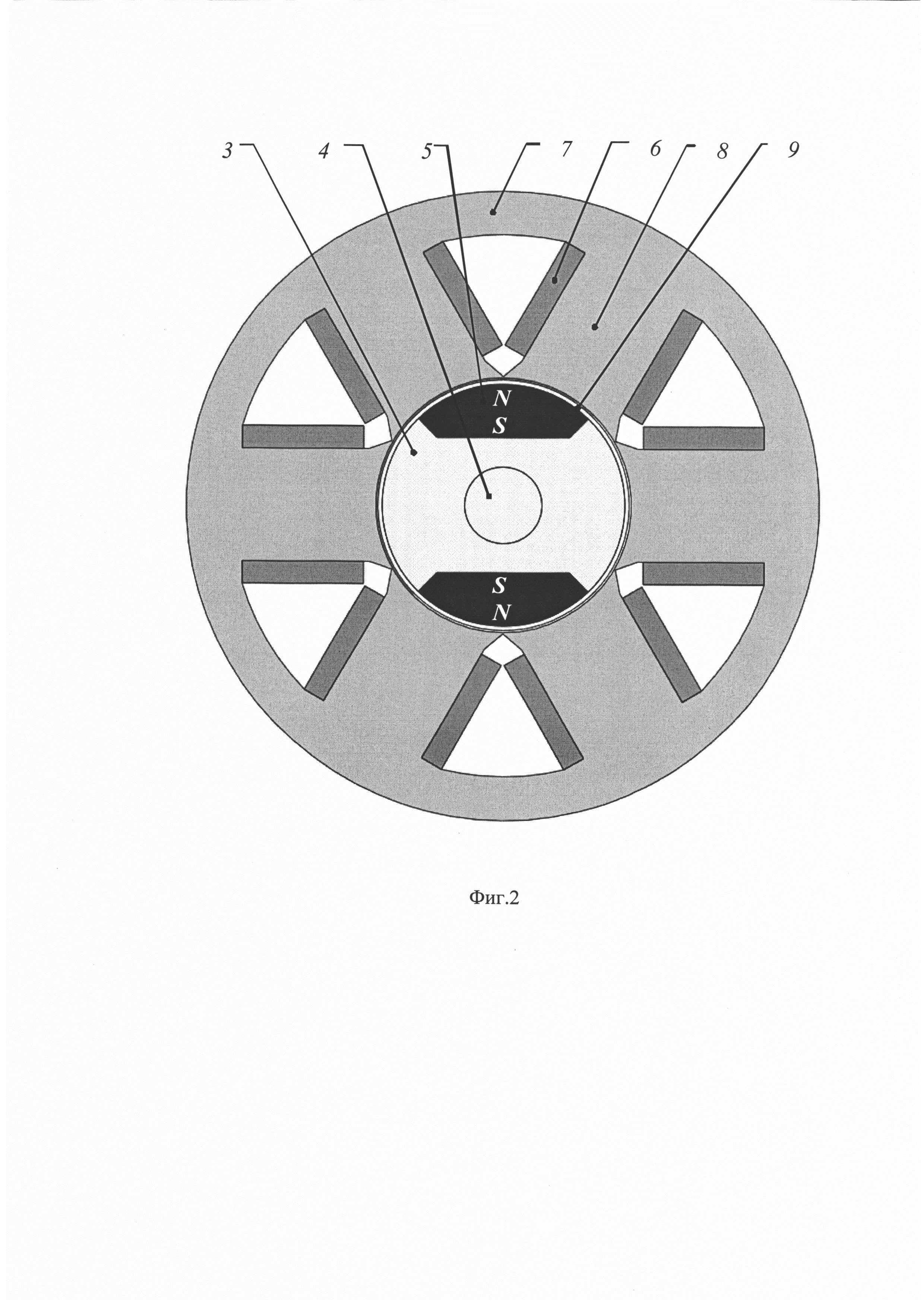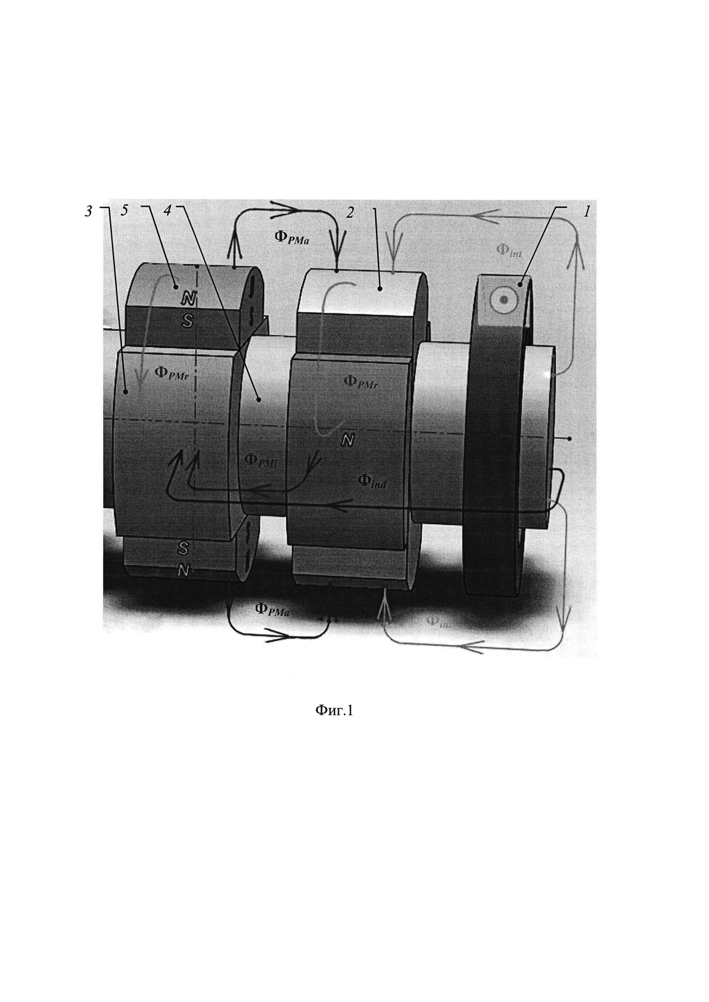 1. Двухпакетная индукторная электрическая машина с комбинированным возбуждением, содержащая два пакета, в каждом из которых статоры содержат шихтованные сердечники с размещенными на них трехфазными обмотками якоря, ферромагнитный вал, на котором установлены два ферромагнитных стальных сердечника ротора с роторными выступами, радиально намагниченные постоянные магниты (ПМ) с одинаковой полярностью, расположенные между ферромагнитными роторными выступами, неподвижную кольцевую обмотку возбуждения осевого магнитного потока, установленную на внутренней стороне ферромагнитного подшипникового щита, отличающаяся тем, что трехфазные обмотки якоря двух пакетов электрически независимы, выполнены сосредоточенными в виде кольцевых или рейстрековых катушек, при этом статоры с трехфазными независимыми сосредоточенными обмотками якоря выполнены со сдвигом, равным 30 электрическим градусам, а ферромагнитные стальные сердечники ротора с роторными выступами повернуты относительно друг друга на 90 электрических градусов, обмотки якоря и обмотка возбуждения выполнены из сверхпроводникового материала. 2. Машина по п. 1, отличающаяся тем, что в качестве сверхпроводникового материала сосредоточенных обмоток якоря и обмотки возбуждения используются высокотемпературные сверхпроводники второго поколения (ВТСП-2). 3. Машина по п. 1, отличающаяся тем, что в качестве сверхпроводникового материала обмоток якоря используется диборид магния. 4. Машина по п. 1, отличающаяся тем, что на роторе между пакетами и между пакетом и подшипниковым щитом дополнительно размещены аксиально намагниченные постоянные магниты. 5. Машина по п. 1, отличающаяся тем, что сердечники статоров одного или обоих пакетов дополнительно содержат витки обмотки якоря возбудителя. 6. Двухпакетная индукторная электрическая машина с комбинированным возбуждением, содержащая два пакета, в каждом из которых статоры содержат шихтованные сердечники с размещенными на них трехфазными обмотками якоря, ферромагнитный вал, на котором установлены два ферромагнитных стальных сердечника ротора с роторными выступами, радиально намагниченные постоянные магниты (ПМ) с одинаковой полярностью, расположенные между ферромагнитными роторными выступами, неподвижную кольцевую обмотку возбуждения осевого магнитного потока, установленную на внутренней стороне ферромагнитного подшипникового щита, отличающаяся тем, что трехфазные обмотки якоря двух пакетов электрически независимы, при этом статоры с трехфазными независимыми обмотками якоря выполнены со сдвигом, равным 30 электрическим градусам, а ферромагнитные стальные сердечники ротора с роторными выступами повернуты относительно друг друга на 90 электрических градусов, обмотки якоря и обмотка возбуждения выполнены из резистивных проводников. 7. Машина по п. 6, отличающаяся тем, что на роторе между пакетами и между пакетом и подшипниковым щитом дополнительно размещены аксиально намагниченные постоянные магниты. 8. Машина по п. 6, отличающаяся тем, что сердечники статоров одного или обоих пакетов дополнительно содержат витки обмотки якоря возбудителя.
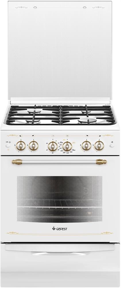Габаритные размеры ШхГхВ: 60х60х85 см * Цвет: белый. *Полезный объём духовки: 52 л * Варочная поверхность: эмалированная. * Вертел с электроприводом * Съемные проволочные направляющие духовки * Выдвижной ящик для посуды и принадлежностей * Таймер механический * Газ-контроль духовки * Терморегулятор (термостат) * Гриль * Ножки регулировочные * Электророзжиг горелок, кнопка розжига на панели * Подсветка духовки двойная * Электророзжиг духовки, кнопка розжига на панели
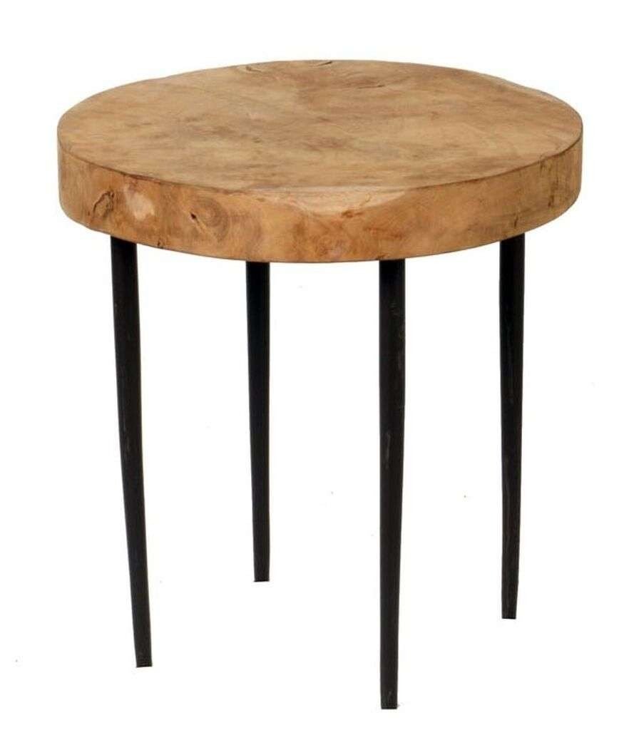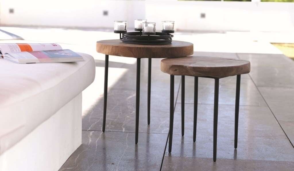 Deze stoere bijzettafel heeft een geheel eigen karakter. Het tafelblad is gemaakt van teakhout. De poten zijn van zwart gespoten metaal. De tafel is ook leuk te plaatsen als set van 2. Elk tafeltje heeft zijn eigen unieke vorm.
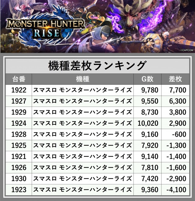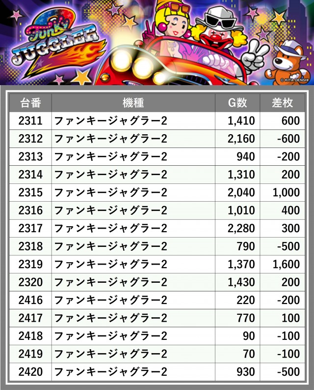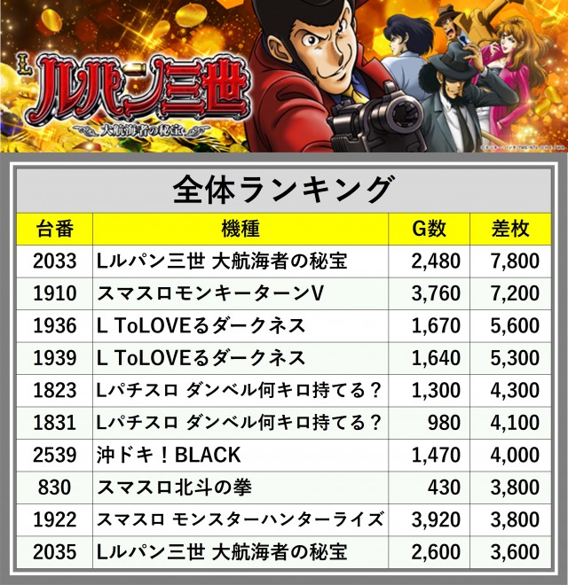 厳選された取材対象機種をはじめ、その他スロット全体から好記録が飛び出した!プレイヤーが楽しんだ1日を下記データにて振り返ってみて欲しい。
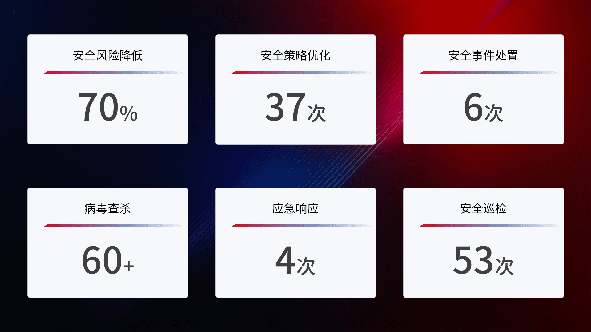 提供全面的安全事件报告体系,,,包括处置报告、、周报、、、季度和年度总结,,,结合持续监控,,帮助客户深入了解网络安全状况。。。。
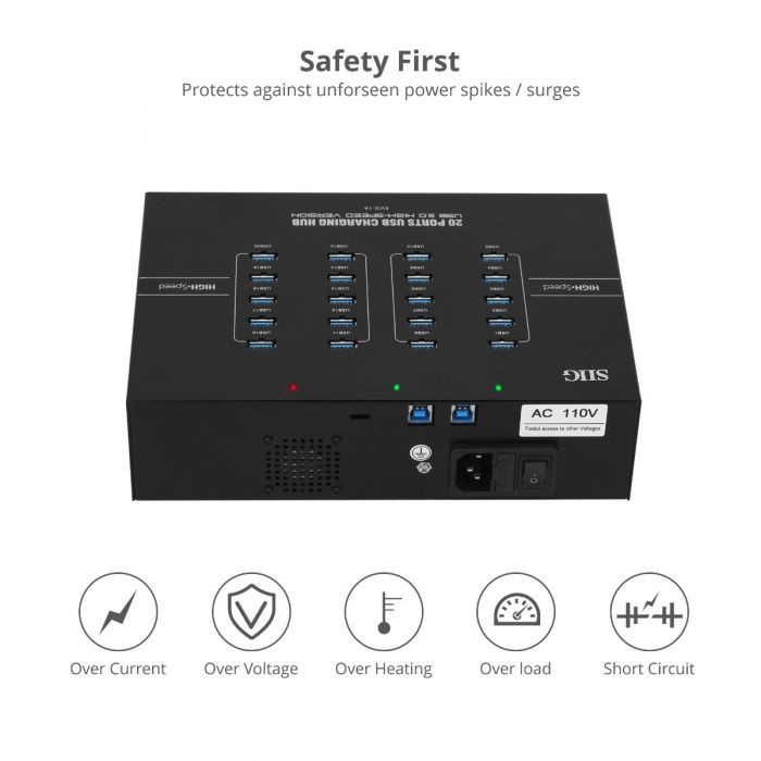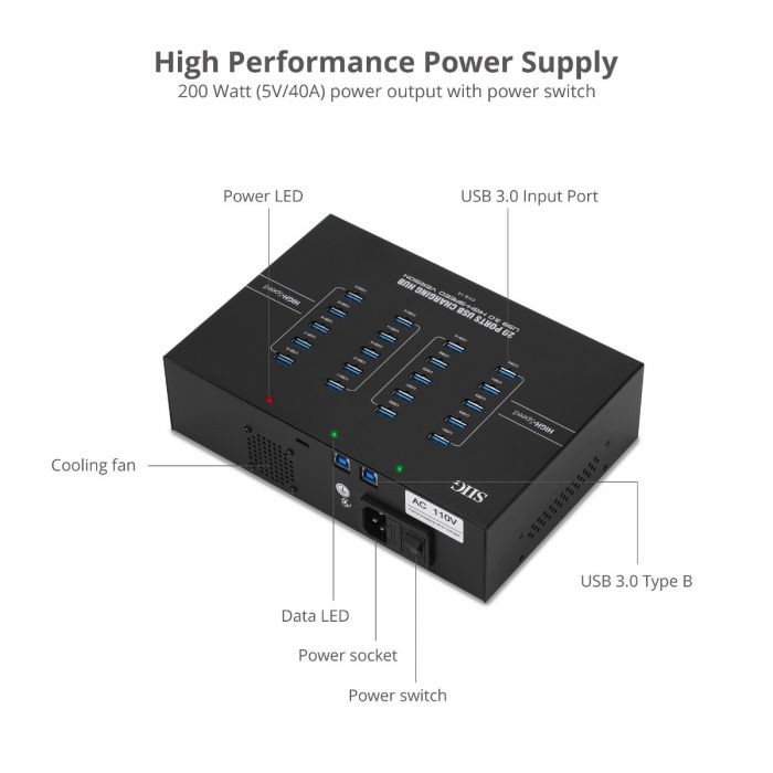 USB 3.0 data and fast charge up to 20 tablets, Smart Phones, Mobile devices, and other USB devices to your computer
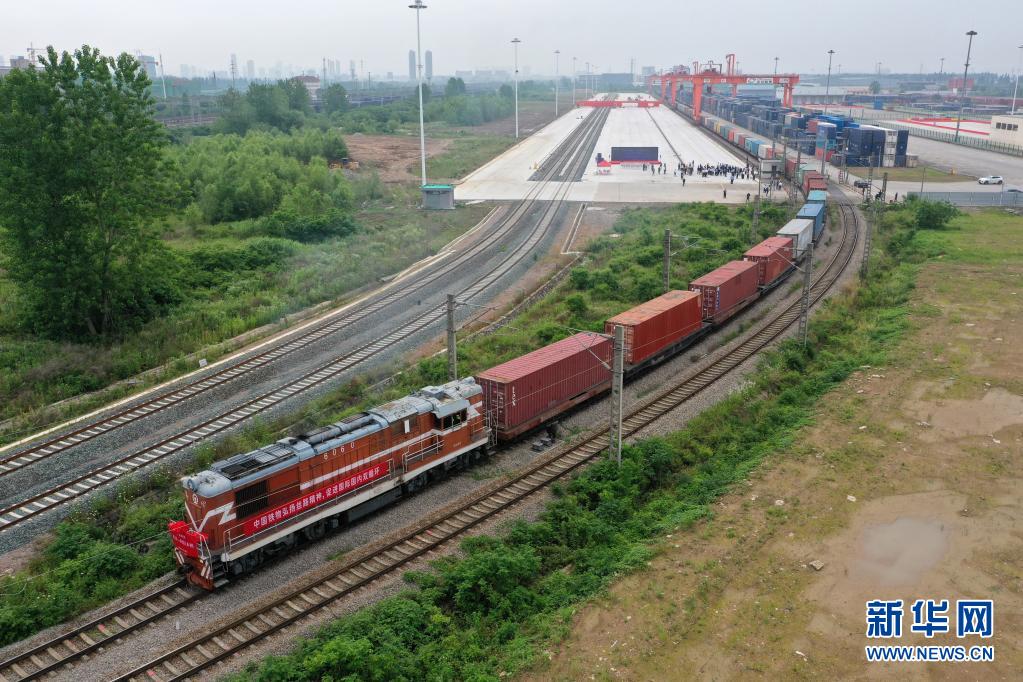 5月20日,开往哈萨克斯坦阿拉木图的班列从武汉吴家山站驶出(无人机照片)。

_WHAT THE TASK REQUIRES_. Where an entry includes an image, leave that image out; otherwise, reproduce everything exactly.

_REPLY_.
 1. Двухпакетная индукторная электрическая машина с комбинированным возбуждением, содержащая два пакета, в каждом из которых статоры содержат шихтованные сердечники с размещенными на них трехфазными обмотками якоря, ферромагнитный вал, на котором установлены два ферромагнитных стальных сердечника ротора с роторными выступами, радиально намагниченные постоянные магниты (ПМ) с одинаковой полярностью, расположенные между ферромагнитными роторными выступами, неподвижную кольцевую обмотку возбуждения осевого магнитного потока, установленную на внутренней стороне ферромагнитного подшипникового щита, отличающаяся тем, что трехфазные обмотки якоря двух пакетов электрически независимы, выполнены сосредоточенными в виде кольцевых или рейстрековых катушек, при этом статоры с трехфазными независимыми сосредоточенными обмотками якоря выполнены со сдвигом, равным 30 электрическим градусам, а ферромагнитные стальные сердечники ротора с роторными выступами повернуты относительно друг друга на 90 электрических градусов, обмотки якоря и обмотка возбуждения выполнены из сверхпроводникового материала. 2. Машина по п. 1, отличающаяся тем, что в качестве сверхпроводникового материала сосредоточенных обмоток якоря и обмотки возбуждения используются высокотемпературные сверхпроводники второго поколения (ВТСП-2). 3. Машина по п. 1, отличающаяся тем, что в качестве сверхпроводникового материала обмоток якоря используется диборид магния. 4. Машина по п. 1, отличающаяся тем, что на роторе между пакетами и между пакетом и подшипниковым щитом дополнительно размещены аксиально намагниченные постоянные магниты. 5. Машина по п. 1, отличающаяся тем, что сердечники статоров одного или обоих пакетов дополнительно содержат витки обмотки якоря возбудителя. 6. Двухпакетная индукторная электрическая машина с комбинированным возбуждением, содержащая два пакета, в каждом из которых статоры содержат шихтованные сердечники с размещенными на них трехфазными обмотками якоря, ферромагнитный вал, на котором установлены два ферромагнитных стальных сердечника ротора с роторными выступами, радиально намагниченные постоянные магниты (ПМ) с одинаковой полярностью, расположенные между ферромагнитными роторными выступами, неподвижную кольцевую обмотку возбуждения осевого магнитного потока, установленную на внутренней стороне ферромагнитного подшипникового щита, отличающаяся тем, что трехфазные обмотки якоря двух пакетов электрически независимы, при этом статоры с трехфазными независимыми обмотками якоря выполнены со сдвигом, равным 30 электрическим градусам, а ферромагнитные стальные сердечники ротора с роторными выступами повернуты относительно друг друга на 90 электрических градусов, обмотки якоря и обмотка возбуждения выполнены из резистивных проводников. 7. Машина по п. 6, отличающаяся тем, что на роторе между пакетами и между пакетом и подшипниковым щитом дополнительно размещены аксиально намагниченные постоянные магниты. 8. Машина по п. 6, отличающаяся тем, что сердечники статоров одного или обоих пакетов дополнительно содержат витки обмотки якоря возбудителя.
Габаритные размеры ШхГхВ: 60х60х85 см * Цвет: белый. *Полезный объём духовки: 52 л * Варочная поверхность: эмалированная. * Вертел с электроприводом * Съемные проволочные направляющие духовки * Выдвижной ящик для посуды и принадлежностей * Таймер механический * Газ-контроль духовки * Терморегулятор (термостат) * Гриль * Ножки регулировочные * Электророзжиг горелок, кнопка розжига на панели * Подсветка духовки двойная * Электророзжиг духовки, кнопка розжига на панели
 Deze stoere bijzettafel heeft een geheel eigen karakter. Het tafelblad is gemaakt van teakhout. De poten zijn van zwart gespoten metaal. De tafel is ook leuk te plaatsen als set van 2. Elk tafeltje heeft zijn eigen unieke vorm.
 厳選された取材対象機種をはじめ、その他スロット全体から好記録が飛び出した!プレイヤーが楽しんだ1日を下記データにて振り返ってみて欲しい。
 提供全面的安全事件报告体系,,,包括处置报告、、周报、、、季度和年度总结,,,结合持续监控,,帮助客户深入了解网络安全状况。。。。
 USB 3.0 data and fast charge up to 20 tablets, Smart Phones, Mobile devices, and other USB devices to your computer
 5月20日,开往哈萨克斯坦阿拉木图的班列从武汉吴家山站驶出(无人机照片)。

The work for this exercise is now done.